Barbara sat up, turned toward him. Her face was a white
blur though his tears.
"Hey," she said softly. "Don’t cry."
"I can’t help it," he bawled. He put
hands to his eyes, tried to wipe them clear. Barbara gave him a tissue.
He used it and tried to speak, gasping for the breath to get the words
out, "I can’t believe… a client… had to gave me… a tissue in my own… office!"
]
She was up on the sofa next to him,
kneeling. "I’m not a client anymore," she said, and kissed him on the mouth.
It wasn’t such a great kiss but it had a hell of a shock value. He felt a great surge of pain and longing. His crying redoubled. She put her arms around his head and pulled it to her breast. He lay against her, wailing. "I hurt," he said. "I just hurt. I didn’t even know I hurt. I hurt because I exist. And I’m alone. I pretend I’m not. I pretend I’m with someone but I’m not.

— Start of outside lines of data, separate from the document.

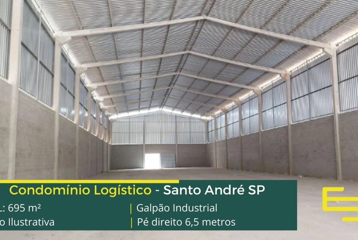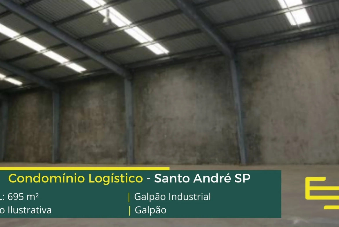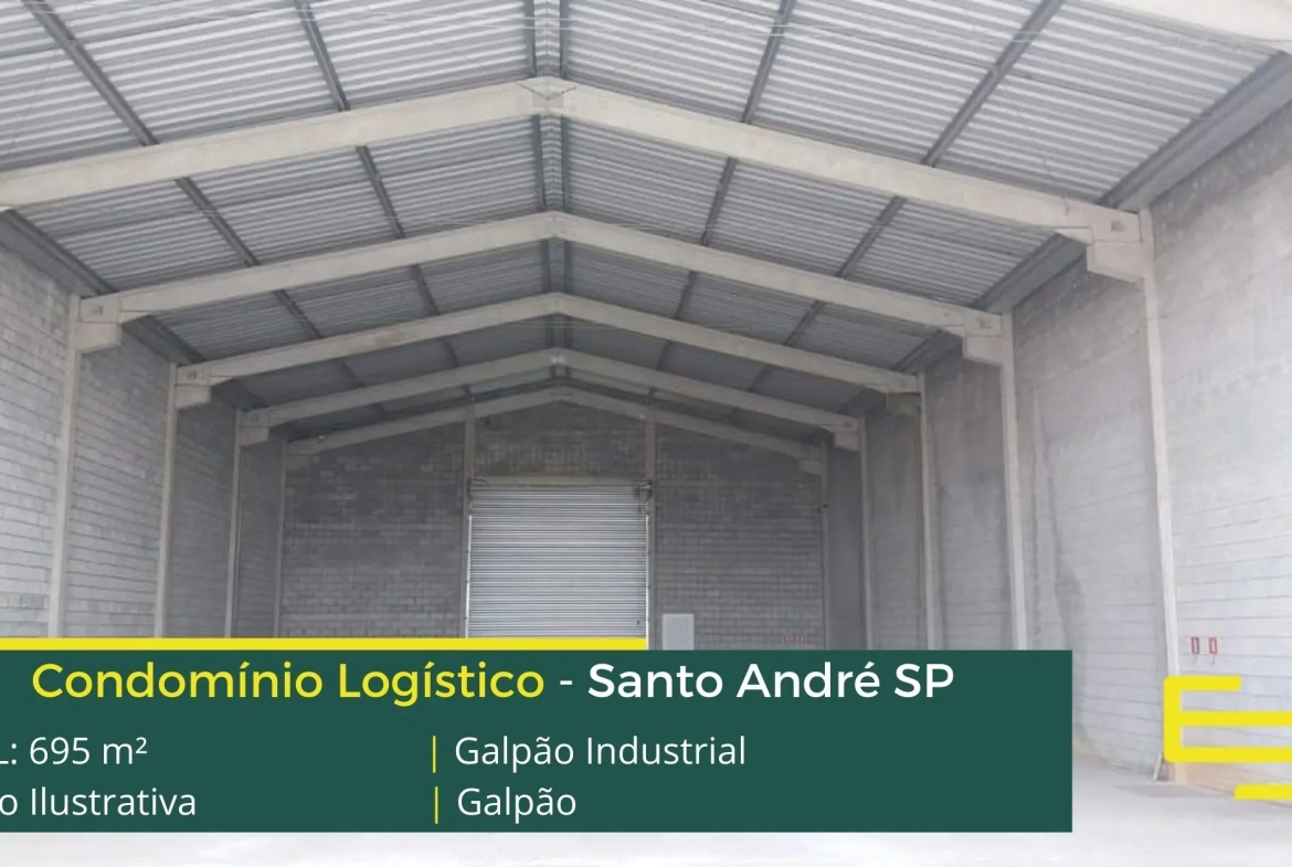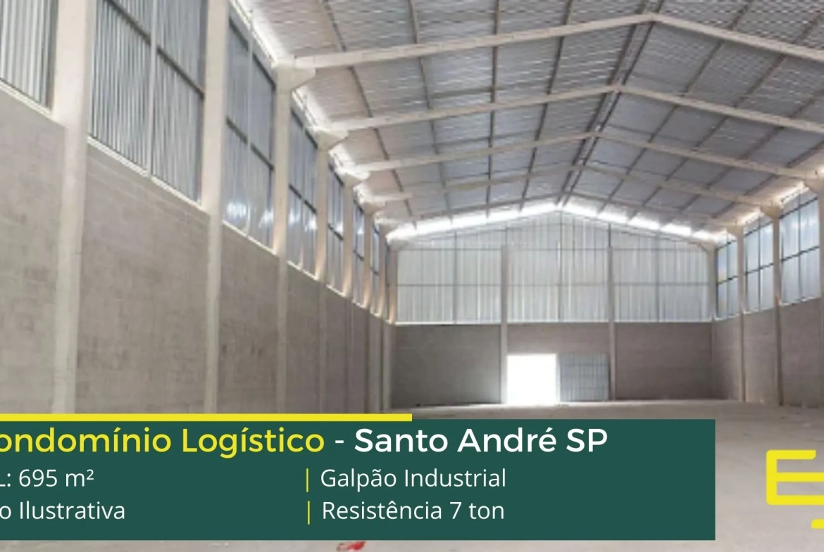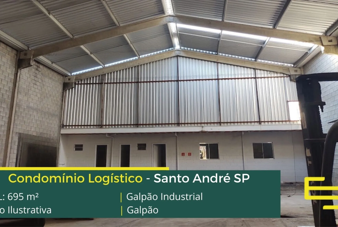 Galpão Industrial em Santo André – que é ideal para logística, transportes e além disso, distribuição, possui diferencial em sua localização, a 2,4 km da Av. dos Estados, este galpão para locação possuí área construída total de 695 m².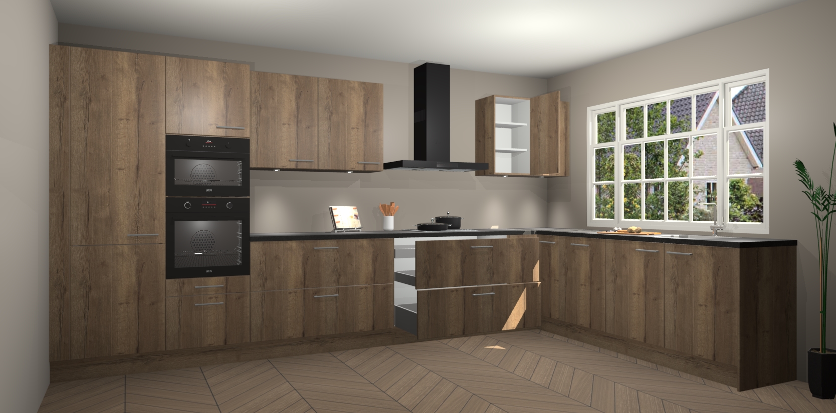 Kom dichtbij de perfecte keuken van uw dromen met de chocolade eiken keuken Graz. Met een prachtige houtlook en eigentijds ontwerp, straalt deze keuken warmte en sfeer uit. Of u nu liefhebber bent van traditionele of moderne stijlen, er is genoeg ruimte om aan al uw behoeften te voldoen.
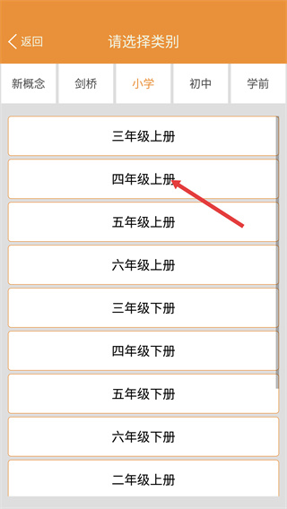 2、在類(lèi)別選擇界面,選擇“小學(xué)”分類(lèi)下的【四年級(jí)上冊(cè)】選項(xiàng),進(jìn)入對(duì)應(yīng)年級(jí)的教材版本選擇頁(yè)面。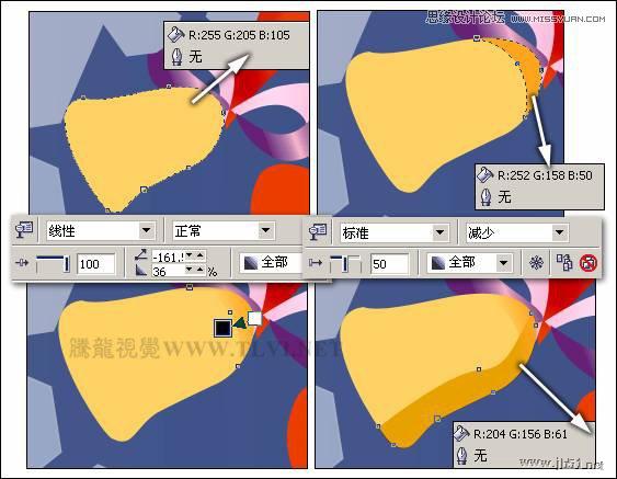 (2)使用工具箱中的“矩形”工具,在页面中绘制矩形,并使用“交互式填充”工具,为矩形填充渐变色,然后设置该矩形的轮廓色为无,如图6-32所示。
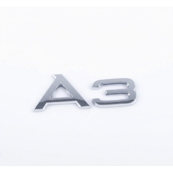 Шильдик, наклейка напис A3 у хромованому кольорі, на кришку багажника автомобіля Audi

I hurt from existing like this."
"I know," she said, rocking him a little. "It’s the same with me." She kissed his forehead and held him tight and slowly he became differently aware of her body. She was kneeling next to him on the sofa, her knees a few inches apart while she sat on her calves and ankles. He slumped against her, his chin and cheek pushed firmly into the softness of her breasts. One of his forearms lay across her lap, touching her abdomen. He had fallen into this position, unaware of it, feeling only a sense from her of taking care of him. But now a tension grew in him of other possible meanings of opened thighs and his arm touching her lower belly. A faint odor arose from her—cleansing oil, cologne, a perfume?—he didn’t know but the sensation of it within his nasal passages suddenly caused flesh far from his nose to tingle and tighten. As he began to react to the female of her, to her womanhood, her breast seemed fuller and softer, her body even more opened. He seemed drawn into her, caught by a current from the whirlpool of the sex centered not so far from where his arm touched her. But she couldn’t want this! This was not right!! Alarmed and ashamed, he lifted his head, meaning to say to her he had to sit up, to pull away. But as he began the words she kissed him again, more firmly this time. After the kiss they looked at each other, eyes wide, faces close. He could hardly breath. His skin drew tight and tingling sensitive stiffness radiated over it from the place that had grown so big, so urgent. If he didn’t move he would explode. He couldn’t wait.
"We can’t do this," he protested.
"That’s tomorrow," she answered. "We can’t do this tomorrow." She kissed him again, her tongue opening his mouth.
He surrendered to her.
Wolf’s father only once gave him sex
advice. This was on a Saturday afternoon of the summer he was fourteen.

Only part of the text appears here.